New diagnostic criteria for LATE dementia offers hope for improved dementia care
LEXINGTON, Ky. (Jan. 17, 2025) — Researchers at the University of Kentucky’s Sanders-Brown Center on Aging are at the forefront of advancing dementia research with groundbreaking work on a condition known as LATE, or “limbic predominant age-related TDP-43 encephalopathy.”
Affecting more than one-third of individuals aged 85 and older, LATE often mimics Alzheimer’s disease, contributing to memory loss and dementia. Now, new clinical diagnostic criteria for LATE aims to transform patient care and accelerate the development of effective treatments. The diagnostic guidelines were recently published in Alzheimer’s & Dementia: The Journal of the Alzheimer’s Association.
“LATE is an impactful disease that is all too common in older adults,” says Pete Nelson, M.D., Ph.D., neuropathologist and the R.C. Durr Foundation Chair in Alzheimer’s Disease at UK. In 2019, Nelson and a large group of international experts worked together to name the new form of dementia now known as LATE.
“These guidelines represent a critical step forward, helping to distinguish LATE from Alzheimer’s disease and ensuring patients receive the most appropriate care,” said Nelson.
UK has made key contributions to LATE research, including being home to the world’s only clinical trial of a drug targeting LATE led by the Sanders-Brown’s director of clinical trials Greg Jicha, M.D., Ph.D., the Robert T. & Nyles Y. McCowan Endowed Chair in Alzheimer’s Research.
“This work is a testament to the importance of precision in dementia diagnosis. With these new criteria, we are not only addressing a critical gap in identifying LATE but also empowering clinicians and researchers to provide more targeted care and advance the search for effective treatments,” said Jicha.

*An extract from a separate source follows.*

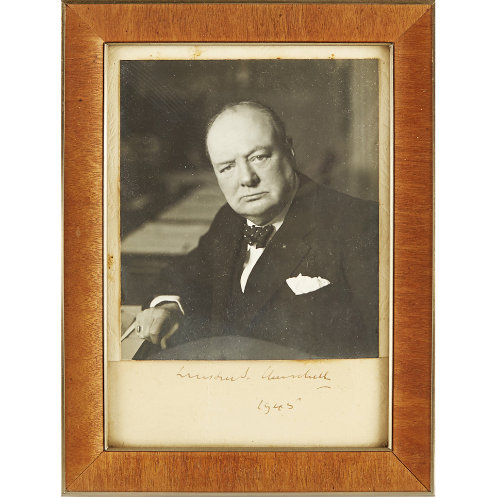CHURCHILL, SIR WINSTON SALEROOM NOTICE: PHOTOGRAPH HAS BEEN TRIMMED AND APPLIED TO A SECONDARY MOUNT SIGNED BY CHURCHILL WITH THE STONEMAN STAMP TO THE REVERSE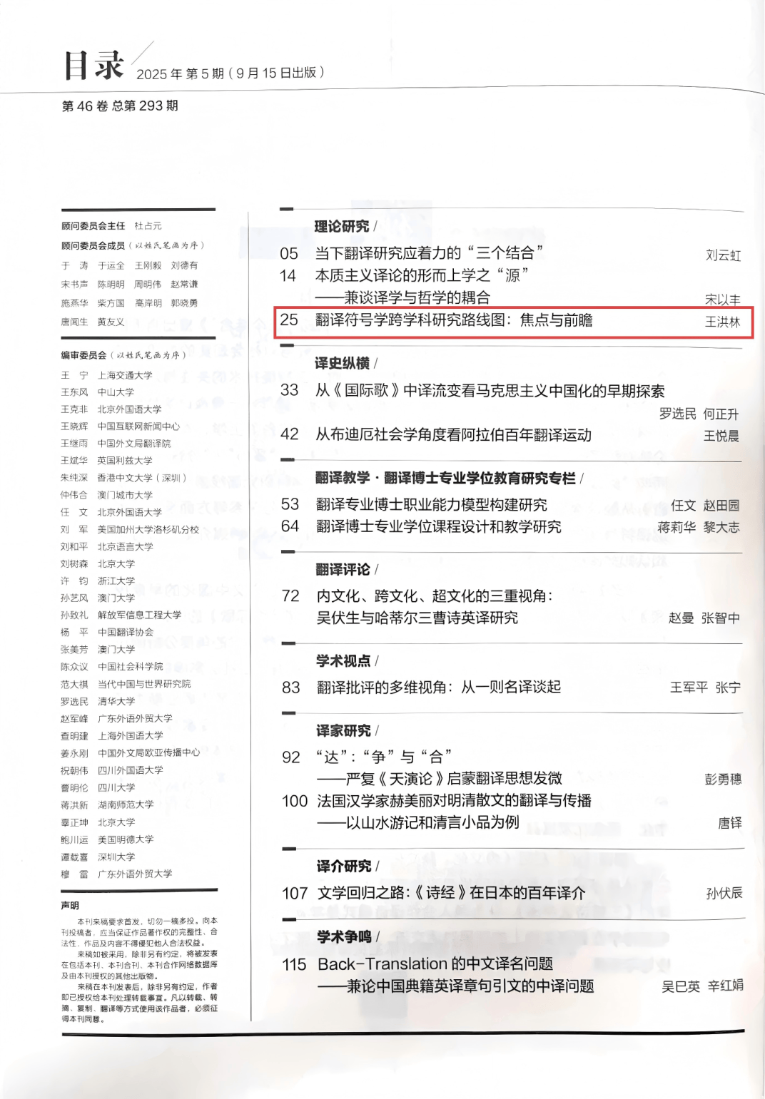 10月17日,我校外语学院王洪林教授在《中国翻译》2025年第5期发表研究论文《翻译符号学跨学科研究路线图:焦点与前瞻》,该文聚焦翻译符号学研究前沿话题,是国家社科基金一般项目“中国影视外译符际意义再生与变异机制研究”(23BYY125)的阶段性研究成果。

The work surrounding LATE exemplifies the center’s leadership in both laboratory discoveries and clinical applications.
“This is truly a bench-to-bedside effort, with the potential to bring real hope to patients and families affected by dementia,” Nelson said.

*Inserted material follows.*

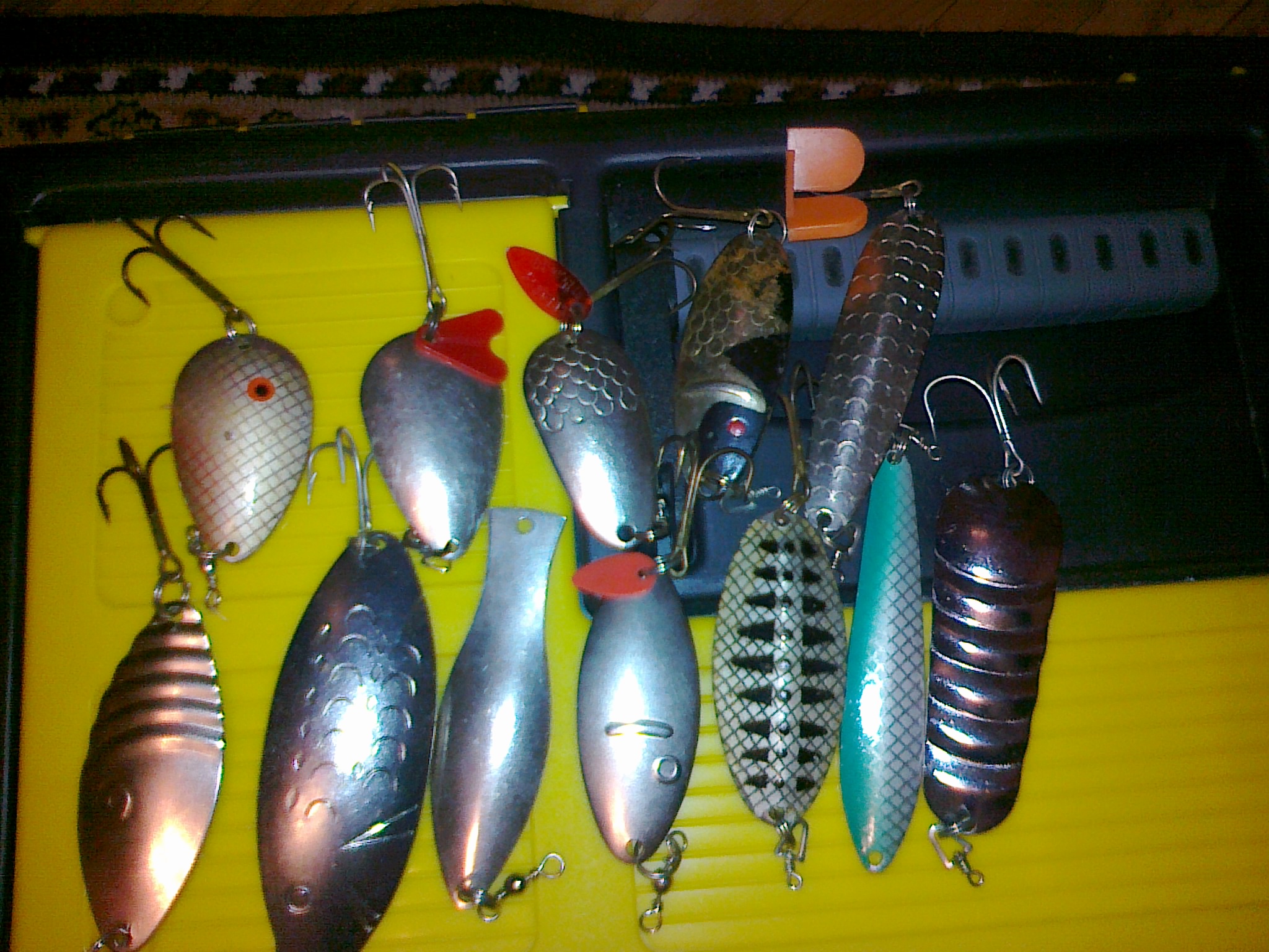Среди блесен, в своё время мною горячо любимые "Кес Спинер", "Ложки" и джиговая "Волна" (нижний ряд крайняя правая).

The new diagnostic framework, developed by an international team of experts including Nelson and Jicha, lays the groundwork for more precise identification of LATE during a patient’s lifetime. This distinction is essential as treatments for Alzheimer’s disease become increasingly tailored to specific disease mechanisms. Misdiagnosing LATE as Alzheimer’s could mean patients miss out on the most effective therapies.
Memory loss and hippocampal atrophy — shrinking of the brain’s memory center — are hallmark symptoms of LATE. The new criteria specify how imaging and other diagnostic tools can be used to distinguish LATE from Alzheimer’s and other forms of dementia.
“These advancements are essential not only for better diagnosing LATE but also for understanding how it interacts with other brain diseases, including Alzheimer’s,” adds Nelson. “Correct diagnoses will help us better tailor treatments, improving outcomes for patients now and paving the way for novel therapies.”